Up the Chute, Down the Ladder: Shifting Priorities Through Structured Dismissals in Bankruptcy
By Bethany K. Smith
In a structured dismissal of a Chapter 11 bankruptcy case, a bankruptcy court approves case dismissal alongside a stakeholder agreement as to the manner in which the estate is to be dealt with once the case has been dismissed. Such orders are controversial in that they are not explicitly authorized through the U.S. Bankruptcy Code (“the Code”) and are especially controversial where the accompanying agreement seeks to distribute estate property in contravention of the priority scheme laid out in § 507 of the Code. Where the agreement violates this so-called waterfall payment method, bankruptcy courts are faced with difficult questions: Should structured dismissals be strictly governed by the Code’s priority regime? Should they ever be approved where they deviate from priorities? If so, what standard should a bankruptcy court apply in deciding whether deviation is proper?
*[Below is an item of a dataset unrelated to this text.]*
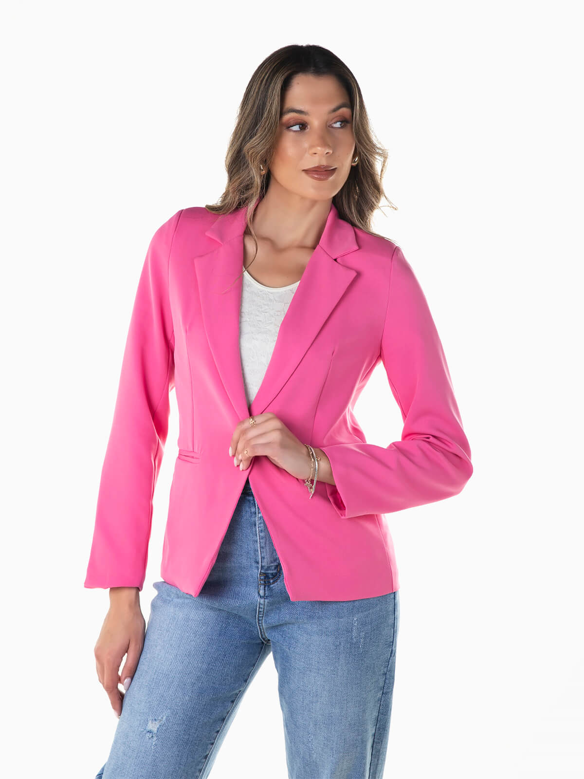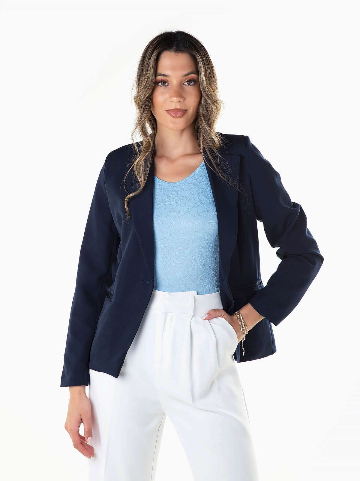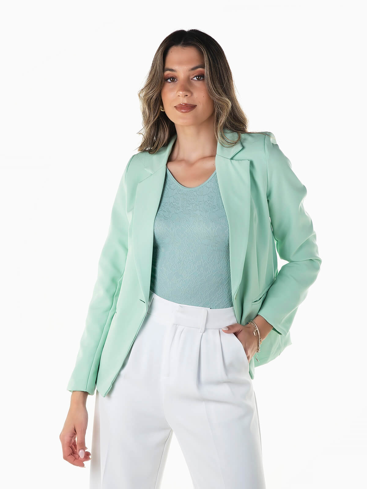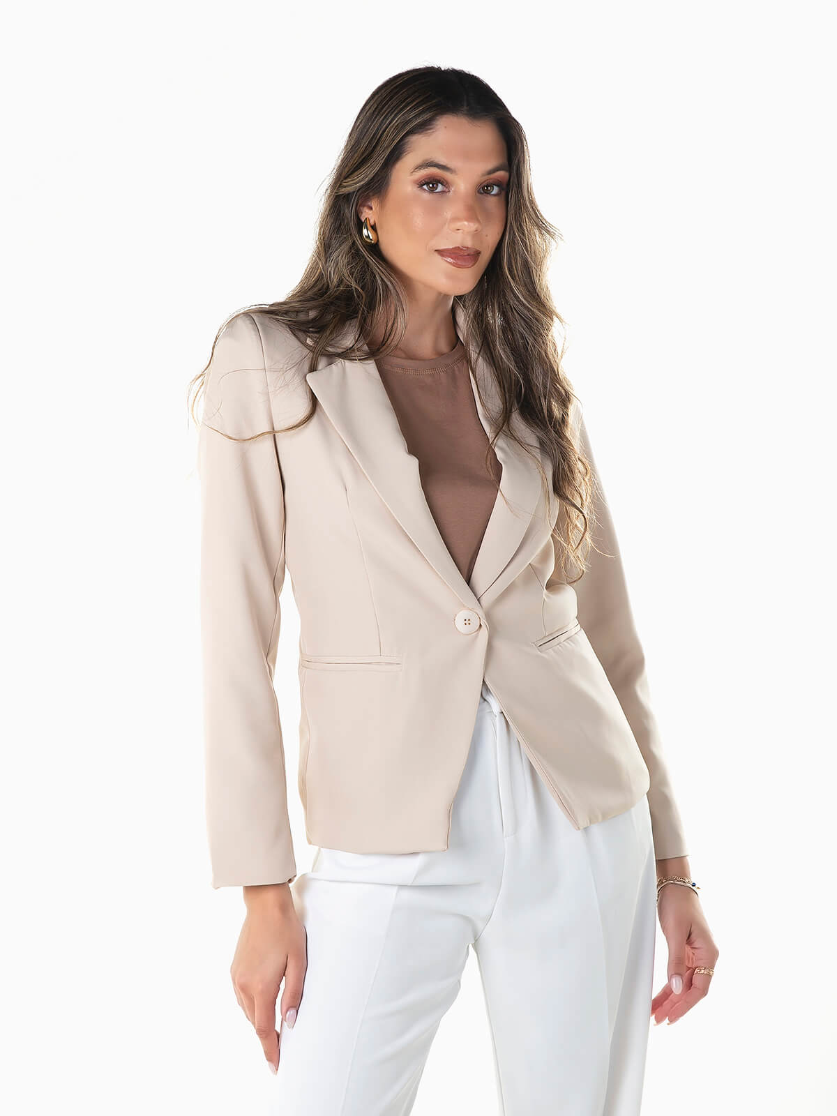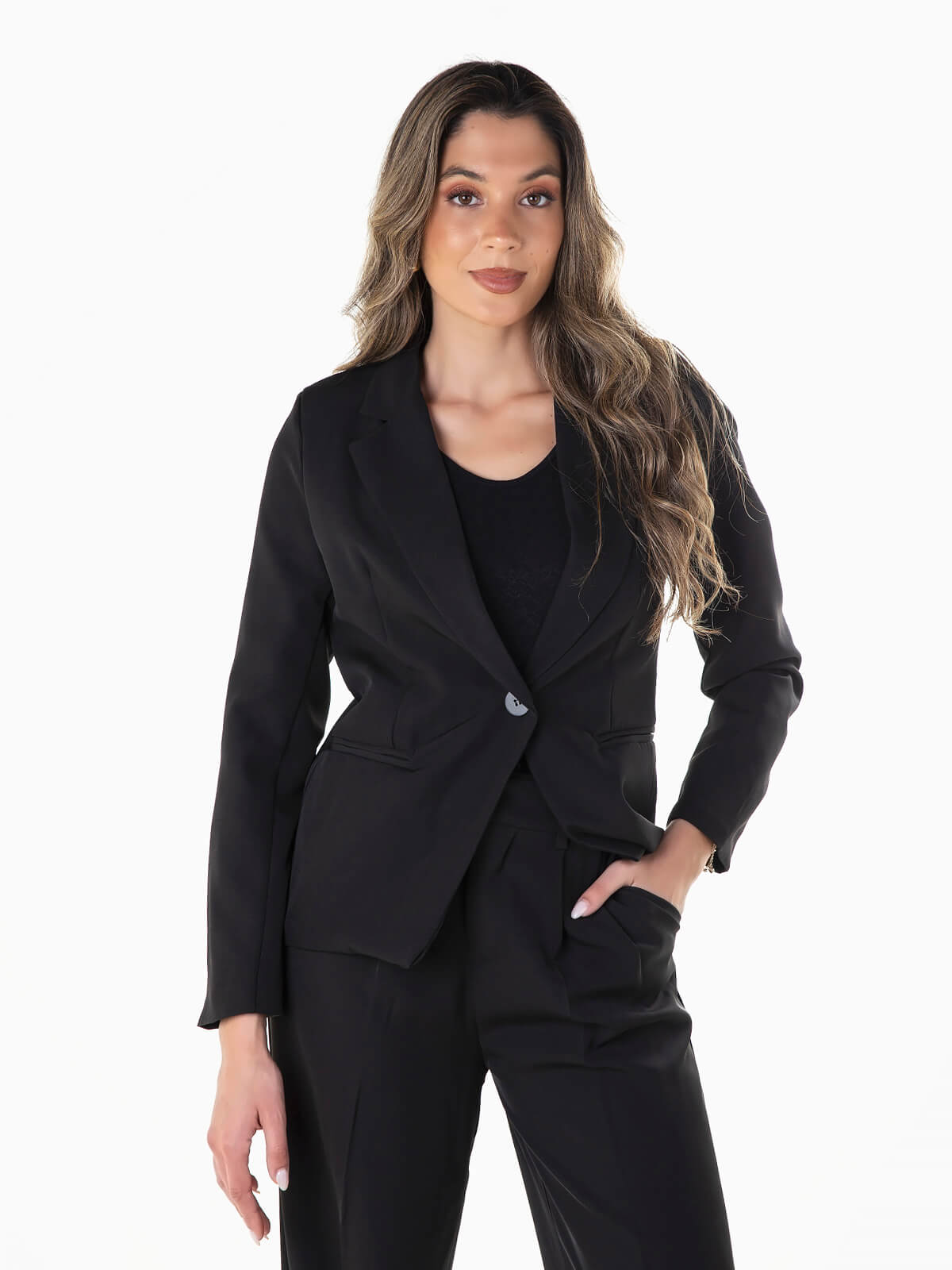 Blazer cintado com aperto de botão. Blazer manga comprida com ombreiras. Gola abas e lapelas. Interior forrado. Bolsos decorativos.

This Note explores a recent decision by the Third Circuit, In re Jevic Holding Corp., where the court affirmed a bankruptcy court’s approval of a structured dismissal that cut against priorities, relying heavily on principles of economic efficiency and stakeholder compromise in reaching its holding. This Note argues that, while priority deviation is sometimes proper, the standard applied by the Third Circuit for approval of priority-noncompliant structured dismissals does not go far enough to ensure that the procedural safeguards of Chapter 11 are upheld. This Note therefore proposes a multifactor analysis that would provide a more transparent system for approval of structured dismissals that do not comply with priorities.